Part 2 Lesson 9 wiki

This is really cool. And I really like how this seems to be an evolution of the idea in the multibox paper where I think they clustered all bounding boxes coordinates and instead of having the network predict those just had the NN predict the residuals (I think that’s what they did but might be wrong).

This whole idea with clustering and residuals is really neat and it seems to me a NN might be better suited to refine something vs outputting it from scratch (unsubstantiated claim warning). I am not sure we will get around to looking into this this time around but from watching part 2 v1 I saw Jeremy cover mean shift clustering and approximate versions of algorithms. Hoping to go study that at some point should I ever get a chance :slight_smile:

1 Like

Take a look at this @alessa :wink: I think I’ll link to it from the wiki of the lesson - was also looking for this piece of information quite extensively :slight_smile:

1 Like

Thanks Radek. It makes more sense.
Also it is the easiest way to add a vector full of zeros - because you want to minimize the loss - make the values as closest to zero. But if there is also a 1 representing the background - you want to minimize that as well. So I think it is the easiest way to add a new class, and still not using it in the end when you want to minimize the loss.

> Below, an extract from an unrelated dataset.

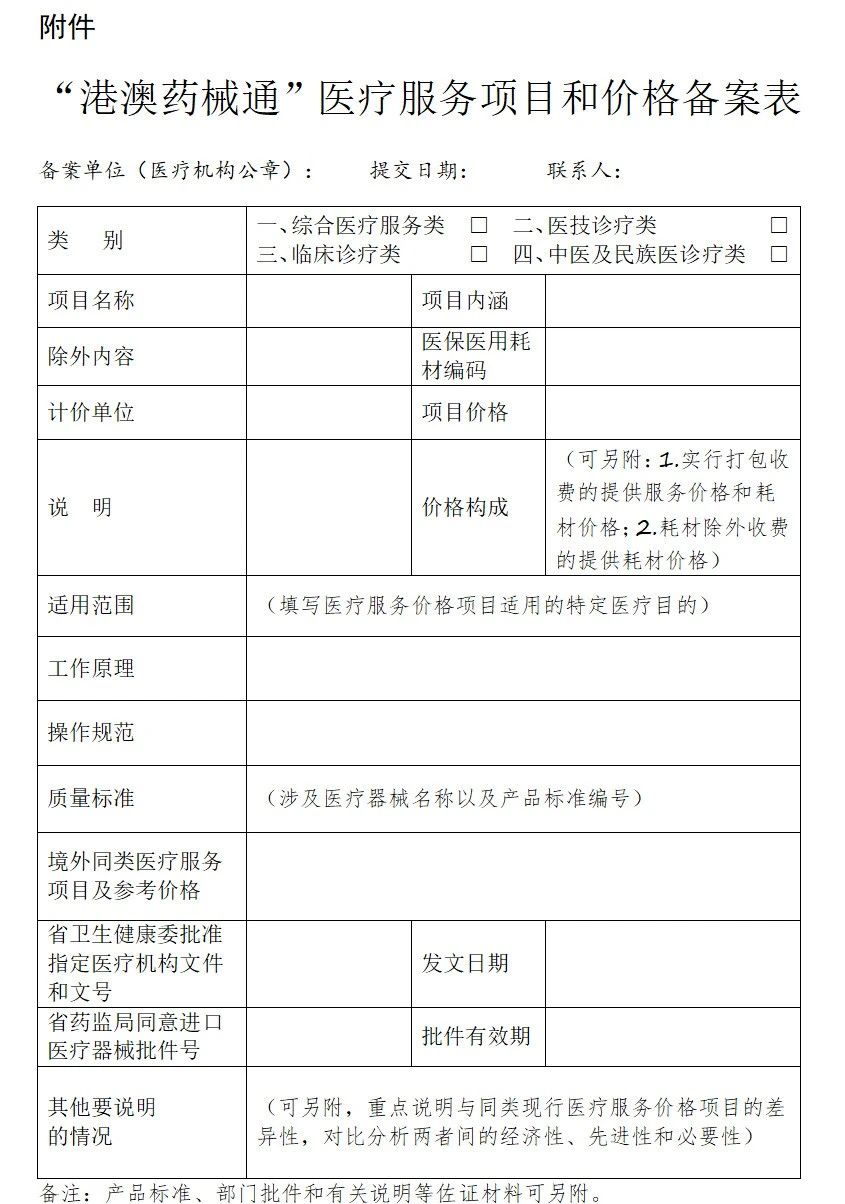 一、“港澳药械通”医疗服务项目实行备案管理。指定医疗机构应用经批准纳入“港澳药械通”的医疗器械,提供医疗服务需设立的医疗服务项目(以下简称“港澳药械通”医疗服务项目),实行省级备案,属地监管,加快临床转化进度。备案“港澳药械通”医疗服务项目和价格由指定医疗机构参考境外地区成熟做法,遵循公平、合法和诚实信用的原则自主确定,不以现有项目加收项的形式立项。指定医疗机构向省医保局提交《“港澳药械通”医疗服务项目和价格备案表》(见附件)及有关佐证材料(其中涉及医用耗材的需先获得国家医保医用耗材编码)。省医保局公开已备案的“港澳药械通”医疗服务项目。备案内容有调整的应重新备案。其他指定医疗机构使用“港澳药械通”医疗器械实施相同医疗服务的,参照已报备实施的项目名称、内涵等要素备案,提高效率。

This is the hardest fastai lecture I have ever encountered, but I must say the supplementary materials people shared and the discussion in this thread have been amazing and of immense help.

Thx to all that participated!

Looking forward to getting to the bottom of what is happening in the notebook over coming days :slight_smile:


It’s a lot of material. I’m about 1/3 through the notebook and have been trying to work through it. My goal is that by the time we get to lesson 14 I am at a point where I am fully comfortable with the current ideas and ready to enhance things.


Visual Intuition - Understanding the impact of anchor grid size change - 1x1, 2x2, 4x4, 6x6, 10x10, 16x16, 19x19, 38x38

Question - When grid size is 38x38 (contains few pixels) or grid size contains just 1 pixel does it has the intuition of object segmentation where the prediction is at the pixel (few pixels) level? Is this understanding correct?




In lecture notes, the anchor box’s center cooridnates for 4x4 cells are (1/8, 3/8, 5/8, 7/8).
(For simplicity, only X coordinates are listed in [0,1) coordinate)
But I think the actual center is more like (1/14, 5/14, 9/14, 13/14)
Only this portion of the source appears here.